So, the first thing I did was to simply expand everything and get rid of those pesky brackets:

$\displaystyle \sqrt{2x_1^2 + 2x_1 + 5x_2^2 + 12x_2 -x_1x_2 + 10}$

The most annoying thing here, I think, is the 'interaction term' $\displaystyle x_1x_2$. Let's stuff it into a squared expression:

$\displaystyle \sqrt{2x_1^2 + 2x_1 + 5x_2^2 + 12x_2 +(\frac{1}{4} x_1^2 - x_1x_2 + x_2^2) - \frac{1}{4}x_1^2 - x_2^2 + 10}$

now we can simplify:

$\displaystyle \sqrt{\frac{7}{4}x_1^2 + 2x_1 + 4x_2^2 + 12x_2 + (\frac{1}{2} x_1 - x_2)^2 + 10}$

and now, by completing the squares, we have:

$\displaystyle \sqrt{\frac{7}{4}(x_1+\frac{4}{7})^2 - \frac{4}{7}+4(x_2+\frac{3}{2})^2 - 9 + (\frac{1}{2} x_1 - x_2)^2 + 10}$

Then, of course, we ignore the little constant and the square root because we're minimising and YOLO:

$\displaystyle {(\frac{\sqrt 7}{2}x_1+\frac{2}{\sqrt 7})^2 +(2x_2+3)^2 + (\frac{1}{2} x_1 - x_2)^2 }$

And of course this is equivalent to

$\displaystyle \left \|\begin{bmatrix} \frac{\sqrt 7}{2}x_1+\frac{2}{\sqrt 7}\\ 2x_2+3\\\frac{1}{2} x_1 - x_2 \end{bmatrix} \right \|^2$

i.e.

$\displaystyle \left \|\begin{bmatrix} \frac{\sqrt 7}{2} & 0\\0 & 2\\ \frac{1}{2} & -1 \end{bmatrix} \begin{bmatrix} x_1 \\ x_2 \end{bmatrix} - \begin{bmatrix} -\frac{2}{\sqrt 7}\\-3 \\ 0\end{bmatrix} \right \|^2$

This is tedious though haha.
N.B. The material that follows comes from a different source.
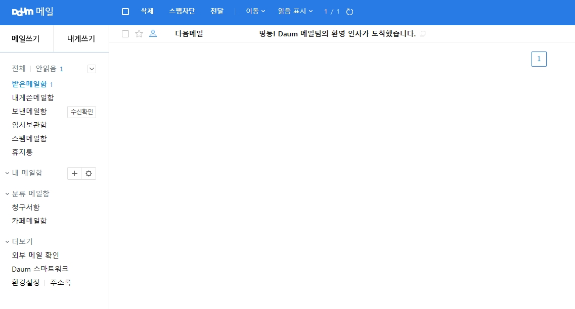 수신함에 들어가 보면 신규 가입 축하 메일이 와 있는 걸 확인할 수 있습니다. 기본적으로 다음 메일 인터페이스는 깔끔하고 가독성이 좋아서 오래 사용하신 분들이 특히 떠나지 못하고 계속 쓰시더라고요.
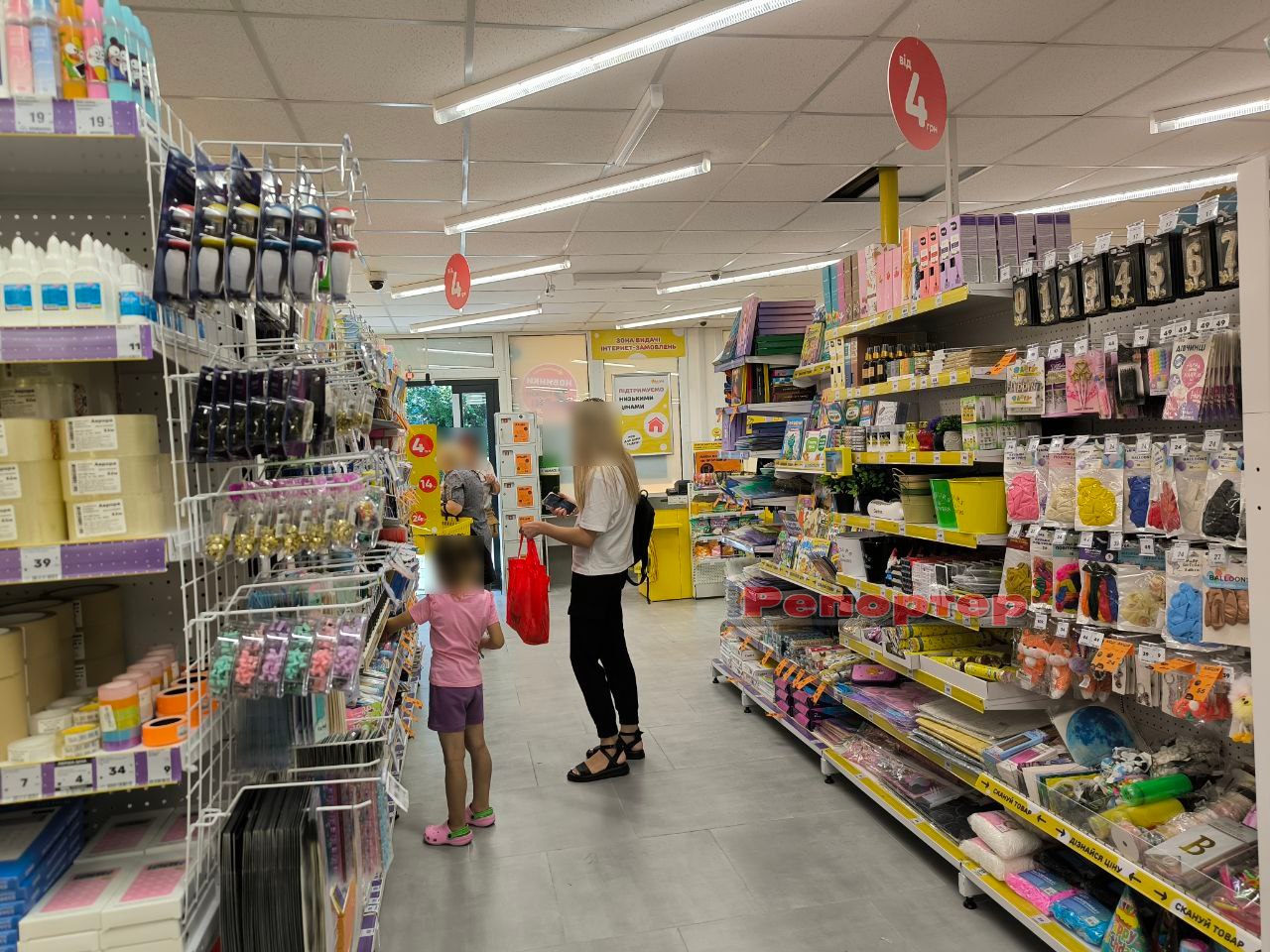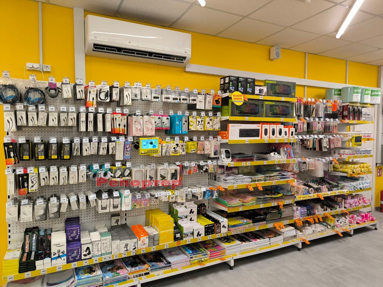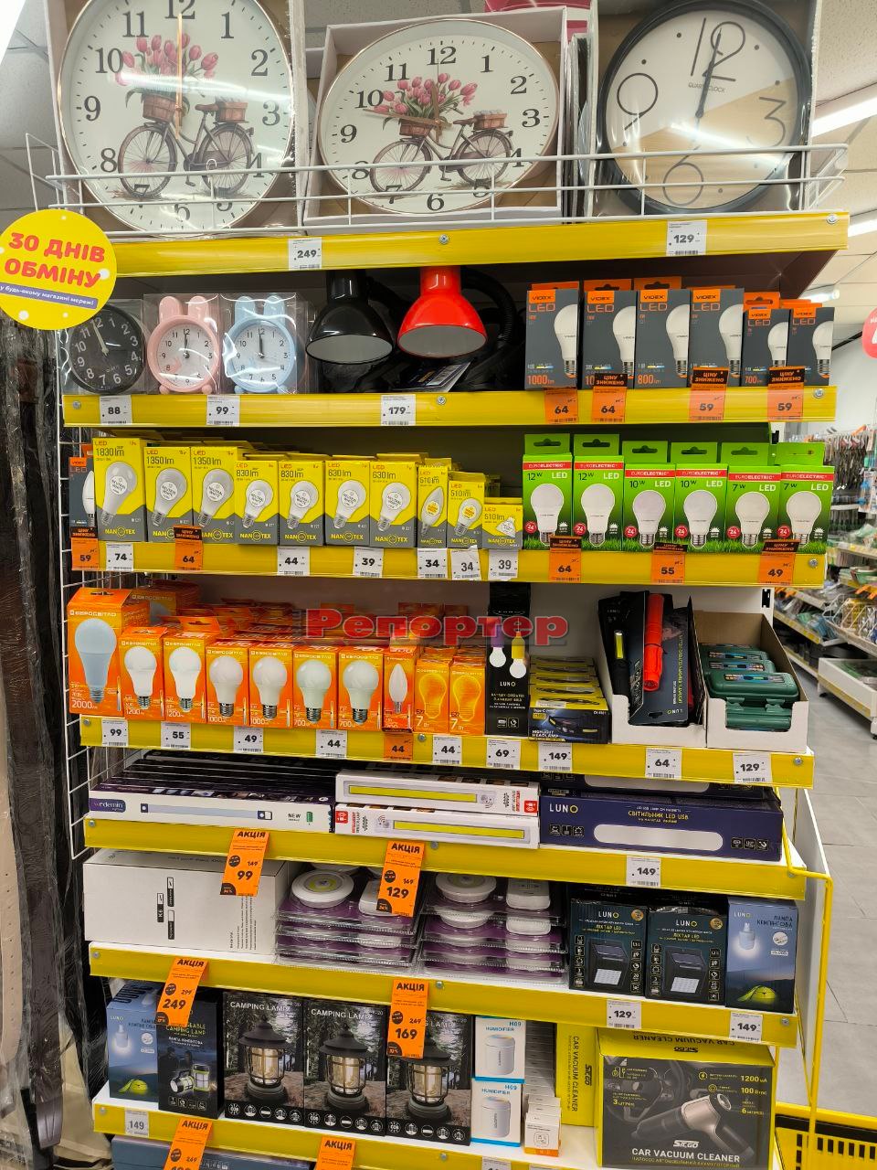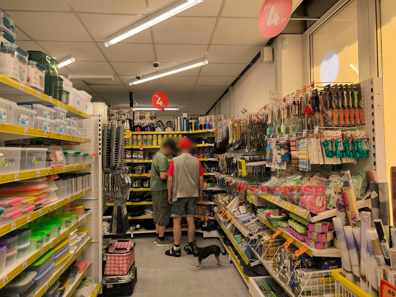 На полицях представлений стандартний набір товарів, який є в крамницях цієї мережі: продукти харчування та напої, канцтовари (актуально перед початком нового навчального року), побутова хімія, зоотовари, посуд, інструменти, техніка, іграшки, аксесуари тощо.

Probably not the best way to do it - if the question didn't specify a method, I'd just differentiate. (And as usual, I apologise in advance for any mistakes here. I'd actually be surprised if I didn't make any...)

Last edited by 123qwerty; June 17th, 2017 at 07:04 AM.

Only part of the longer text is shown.